= David McKay (activist) =

American political activist (born 1986)

David McKay (born 1986) is an American activist and artist known for his attempted protest of the 2008 Republican National Convention in Minneapolis and subsequent imprisonment based in part on testimony of FBI informant Brandon Darby.

McKay was born in Midland, Texas in 1986. Prior to his attempted protest of the 2008 Republican National Convention, McKay was not an active protester.

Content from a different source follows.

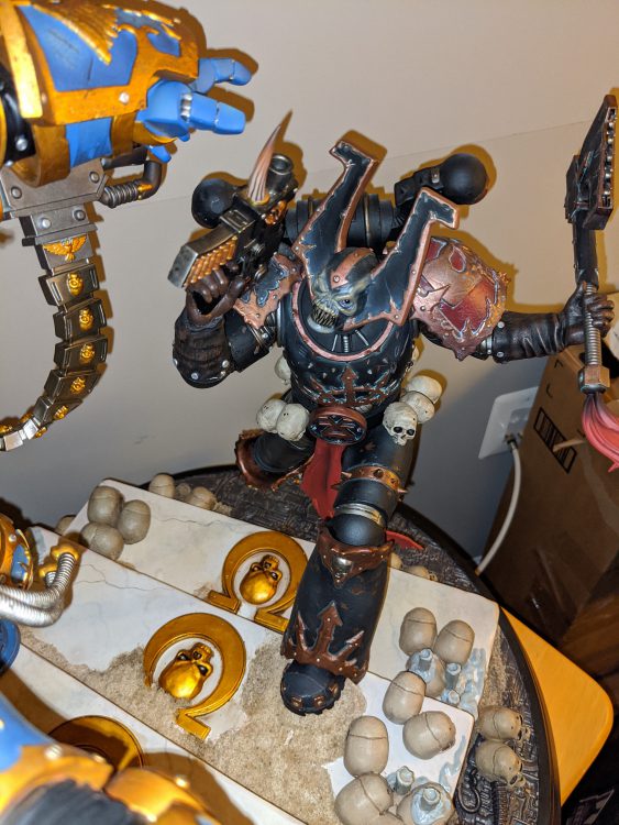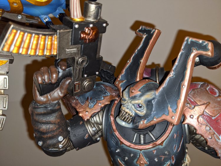 For the most part though, assembly is surprisingly easy and took me about an hour. While big pieces of polystone, the fit between the parts is exquisite, and there are embedded magnets to help the statue stay together and support its weight. The only real trouble I had assembling Guilliman was putting the ammo feed of the Hand of Dominion into the backpack. The slot is either angled strangely or too small, and I had trouble fitting the feed in. Otherwise, the statue was straightforward. Likewise, assembling the Chaos Marine was not difficult either. It has fewer parts and (mostly) less complicated than Big Bob, and so was an easy afterthought.

In 2008, McKay and several friends constructed several improvised shields and planned to travel to the convention and use them to block traffic, shield themselves from tear gas and bean bag guns, and in general to disrupt the convention. After they traveled to Minneapolis for the gathering, their shields were seized by police from a U-Haul trailer. FBI informant Brandon Darby and the group of 8 protestors, including Bradley Crowder then constructed several firebombs, which McKay alleged was entrapment by Darby. The house where they were staying was raided, the bombs seized, and the group arrested. Darby publicly revealed his role as an informant and testified against the protestors.

Crowder entered a plea deal of two years.

McKay went to trial. McKay got a hung jury of split 6-6, and was released pending retrial.
The day before retrial, McKay tried to take a plea deal of two years imprisonment, where he also had to reverse his original statement that he had been "entrapped" by Brandon Darby.
However, on May 21, 2009, U.S. Chief Judge Michael J. Davis sentenced McKay to four years in prison, citing an "obstruction of justice" sentencing enhancement and that McKay had not fully accepted responsibility for his own actions.

According to the Federal Bureau of Prisons manifest, McKay was released from prison on 04-06-12.